TORONTO - There’s a giant statue of a rodent in Wiarton.

It’s an albino groundhog, Wiarton Willie, who apparently has the ability to predict whether there’s going to be an early spring or not.

Willie’s huge in Wiarton. And rightly so. There aren’t many homo sapiens who can predict the change of seasons, so a rodent to be able to do that is pretty spectacular.

Still, if boxer Mary Spencer lives up to expectations at the 2012 London Olympics, she may very well surpass Willie as the biggest celebrity ever to come out of Wiarton, though she’s not banking on it, given Willie’s God-like status.

“No,” said Spencer, when asked if a gold medal in London will propel her past Willie in popularity in her hometown. “How can you beat the groundhog? Everyone knows the groundhog. There’s pictures of Willie on every street post.

“Besides,” she added. “He’s such a cute little guy.”

Okay, Spencer, who was born in Wiarton and lived in nearby Cape Croker before moving with her family to Windsor when she was 6, may never overtake Willie in popularity, at least up there in the Bruce Peninsula, but if she does win the 75 kg gold in London as expected, she may become the first amateur boxer since Shawn O’Sullivan and Willie deWit in 1984 to become a household name in Canada.

Won gold

Spencer, who won the gold at the recent Pan Am Games in Guadalajara and carried the Canadian flag in the closing ceremony, realizes that her life is going to change in the months and weeks leading up to London.

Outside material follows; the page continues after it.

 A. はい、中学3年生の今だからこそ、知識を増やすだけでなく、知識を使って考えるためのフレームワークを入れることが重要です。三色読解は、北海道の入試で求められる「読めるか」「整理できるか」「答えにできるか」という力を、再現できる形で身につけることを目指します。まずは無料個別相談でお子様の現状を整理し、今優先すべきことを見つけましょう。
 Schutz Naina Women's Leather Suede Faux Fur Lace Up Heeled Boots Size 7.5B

As a three-time world champion, and recent Pan Am Games winner, she will be one of the few Canadian athletes expected to win gold in London. On top of that, London will represent the first time women’s boxing will be contested at an Olympics, so the attention on Spencer will be immense.

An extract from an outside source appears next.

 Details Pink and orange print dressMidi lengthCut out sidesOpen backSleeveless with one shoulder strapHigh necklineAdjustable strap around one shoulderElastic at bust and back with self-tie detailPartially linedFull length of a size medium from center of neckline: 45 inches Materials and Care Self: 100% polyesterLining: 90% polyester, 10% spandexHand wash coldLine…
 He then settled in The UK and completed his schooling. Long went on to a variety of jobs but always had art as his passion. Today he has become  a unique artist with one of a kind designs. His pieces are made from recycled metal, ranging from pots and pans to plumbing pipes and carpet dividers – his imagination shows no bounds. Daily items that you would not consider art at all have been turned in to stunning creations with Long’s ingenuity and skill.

But rather than shy away from that, Spencer embraces it. Obviously, from a personal standpoint, winning the gold is her ultimate dream. But she also realizes that a gold could help get amateur boxing back on its feet in Canada. And that’s very important to her.

“The best way I can help boxing in this country is by winning a gold medal,” she said. “And I take that very seriously.”

Amateur boxing in Canada, at least internationally, has struggled in recent years, with funding cutbacks one of the reasons. In years past, Canadian boxers consistently won medals at Olympics. That’s changed. The last Canadian to win a boxing medal at the Olympics was a silver in the heavyweight division by David Defiagbon at the 1996 Atlanta Games.

It has become a huge struggle for Canada to even qualify boxers for Olympics now, never mind win medals. At the 2004 Athens Olympics, Canada qualified only five boxers and, at the 2008 Beijing Games, only one. At the recent world championships for men, which acted as an Olympic qualifying event, nary a Canadian got past the second round. There are more opportunities to qualify for London, but it wouldn’t be a huge surprise if not a single Canadian male boxes in London.

But by winning a gold in London, Spencer hopes to help lift the profile of boxing, for both men and women, in Canada. She’s hopeful that her continued success, and that of her teammate Mandy Bujold of Kitchener, who also won gold at the Pan Ams, will turn the funding situation around for Boxing Canada.

“It’s a (vicious) circle,” said Spencer. “(Boxing Canada) does not get money because we’re not getting results. And we don’t get results because we don’t get money. So you break that cycle by getting results without the money. And I feel like there’s going to be a lot of boxers in this country who are going to benefit from a gold medal at the Olympics. And if I can do that and change things around for boxing in this country. That’s my goal.”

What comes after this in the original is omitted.